On November 18, 2021, the Audit Committee (the "Audit Committee") of the board
of directors (the "Board") of TCW Special Purpose Acquisition Corp. (the
"Company"), after discussion with the Company's management, concluded that the
Company's previously issued audited balance sheet , dated March 4, 2021,
unaudited interim financial statements contained in the Company's Quarterly
Reports on Form 10-Q for the periods ended March 31, 2021 and June 30, 2021,
originally filed on May 14, 2021 and August 10, 2021, respectively
(collectively, the "Non-Reliance Periods"), should no longer be relied upon.
Similarly, related press releases, earnings releases, and investor
communications describing the Company's financial statements for the
Non-Reliance Periods should no longer be relied upon.
The Company restated its previously issued financial statements to classify all
Class A common stock subject to redemption in temporary equity at redemption
value, in accordance with SEC and its staff's guidance on redeemable equity
instruments, which has been codified in Accounting Standards Codification
("ASC") 480-10-S99, Distinguishing Liabilities from Equity. The Company's
accounting for the shares of Class A common stock subject to redemption did not
have any effect on the Company's previously reported assets and the non-cash
adjustments to the financial statement do not impact the amounts previously
reported for the Company's cash and cash equivalents or total assets.
On November 18, 2021, the Audit Committee discussed with Marcum LLP ("Marcum"),
the Company's current independent registered public accounting firm, the matters
disclosed in this Item 4.02(a). The Company will restate the financial
statements for the Non-Reliance Periods in its Quarterly Report on Form 10-Q for
the period ended September 30, 2021 (the "Third Quarter Form 10-Q") to
reclassify the Company's shares of Class A common stock and will continue to do
so in its future financial statements. The Company will disclose the impact of
such restatements of the Non-Reliance Periods in its Third Quarter Form 10-Q,
which the Company will file with the SEC as soon as practicable.
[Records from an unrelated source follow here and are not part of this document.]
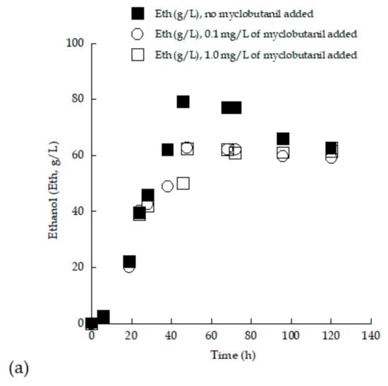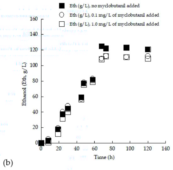 The alcoholic fermentation process is a crucial step in the production of wine [61]. It is known that yeast strains are able to grow exponentially when sugars are available in the fermentation medium, producing ethanol as a perfectly growth-associated product of the process [5]. In the present study, ethanol production of the two novel yeast strains was monitored during fermentation with TS0 concentrations of approximately 150 and 250 g/L. As seen in Table 2 and Table 3, both strains were capable of fermenting sugars and producing ethanol in significant amounts under aerated conditions (Crabtree effect), which can be often observed in yeast genera where the microbial metabolism is shifted toward the synthesis of ethanol in spite of the significant oxygen quantities present in the culture medium [46,60]. As it can be noticed from the kinetic results obtained, the addition of biocide somehow negatively affected the maximum quantity of ethanol achieved for both employed strains. Specifically, for the case of the strain LMBF-Y 18, the addition of myclobutanil noticeably reduced the maximum quantity of ethanol (Ethmax) for both the trials with TS0 adjusted to approximately 150 and 250 g/L (Figure 7). In the former case, the blank experiment resulted in an Ethmax quantity of 79.0 g/L, with the respective product concentration being reduced to 60.1 g/L upon biocide addition. However, in the case of the blank experiment at TS0 ≈ 250 g/L, Ethmax concentration was reduced from approximately 125.0 g/L to 112 g/L with the addition of myclobutanil into the medium. The kinetics of ethanol synthesized vs. the culture time for the strain S. cerevisiae LMBF-Y 18 growing on (enriched) grape musts supplemented with 0.0 (control experiment), 0.1, and 1.0 mg/L of myclobutanil can be seen in Figure 7, demonstrating the negative effect of the addition of the biocide upon the production of ethanol.
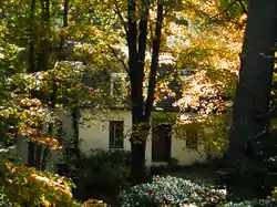 The Plaster House is located in a rural setting of southeastern Southbury, on the south side of Plaster House Road near its western end at Jeremy Swamp Road. It is set on a parcel overlooking Jeremy Brook to the east. The house is a small 1+12-story masonry structure, built out of small rubblestone and covered in stucco. It has a gambrel roof pierced by two shed-roof dormers, with stone chimneys in the end walls. The main facade is three bays wide, with sash windows on either side of the entrance. The western gable is finished in stone, while the eastern one is framed in wood and finished in clapboards. The interior is divided into two chambers, with the larger one historically serving as a parlor and the smaller one as a kitchen. The stonework of the chimney and fireplaces are fully exposed, an unusual condition that appears to be original.[2]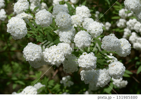 手鞠のようなかわいいコデマリの白い花集団(自然光+マクロ接写写真)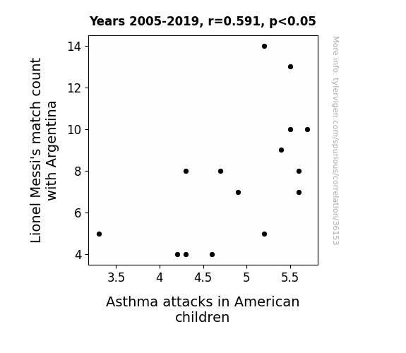 This means 34.9% of the change in the one variable (i.e., Asthma attacks in American children) is predictable based on the change in the other (i.e., Lionel Messi's match count with Argentina) over the 15 years from 2005 through 2019.

Management carried out an evaluation of the effectiveness of the design and
operation of the Company's disclosure controls and procedures as of September
30, 2021 and concluded that, solely due to the events that led to the Company's
restatement of its financial statements, a material weakness existed and the
Company's disclosure controls and procedures (as defined in Rules 13a-15(e) and
15d-15(e) under the Exchange Act) were not effective as of September 30, 2021. A
material weakness is a deficiency, or a combination of deficiencies, in internal
control over financial reporting, such that there is a reasonable possibility
that a material misstatement of a company's annual or interim financial
statements will not be prevented or detected on a timely basis. The existence of
one or more material weaknesses precludes a conclusion by management that a
company's disclosure controls and procedures and internal control over financial
reporting are effective. In addition, the Audit Committee, the Board, and
management have begun evaluating appropriate remediation actions. The Company's
remediation plans at this time include providing enhanced access to accounting
literature, research materials and documents and increased communication among
the Company's personnel and third-party professionals with whom the Company
consults regarding complex accounting applications.